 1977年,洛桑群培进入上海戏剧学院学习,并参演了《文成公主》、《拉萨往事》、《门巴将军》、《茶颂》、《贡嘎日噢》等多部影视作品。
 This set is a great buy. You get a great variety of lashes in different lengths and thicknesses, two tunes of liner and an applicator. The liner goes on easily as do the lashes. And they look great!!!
***
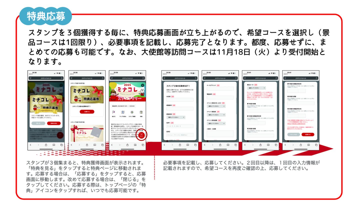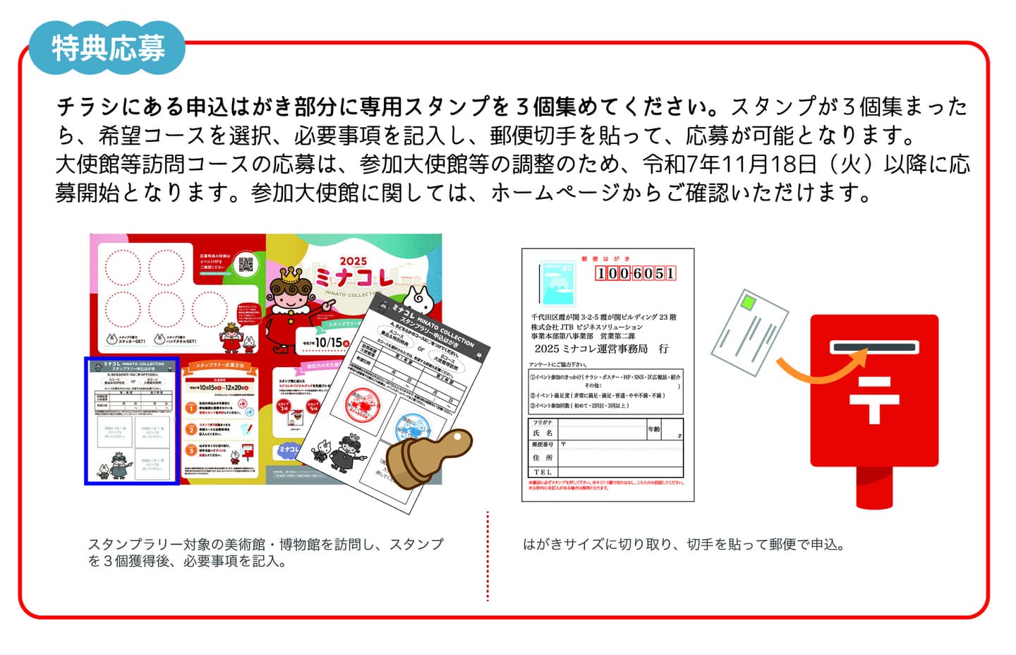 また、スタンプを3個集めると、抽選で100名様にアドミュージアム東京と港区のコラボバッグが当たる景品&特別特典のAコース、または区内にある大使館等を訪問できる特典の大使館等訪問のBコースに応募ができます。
***
The task>
Copy out, word for word, the part of the entries above that begins at the line with "1977年,洛桑群培进入上海" and ends at the line with "This set is", including both.

Response area>
 1977年,洛桑群培进入上海戏剧学院学习,并参演了《文成公主》、《拉萨往事》、《门巴将军》、《茶颂》、《贡嘎日噢》等多部影视作品。
 This set is a great buy. You get a great variety of lashes in different lengths and thicknesses, two tunes of liner and an applicator. The liner goes on easily as do the lashes. And they look great!!!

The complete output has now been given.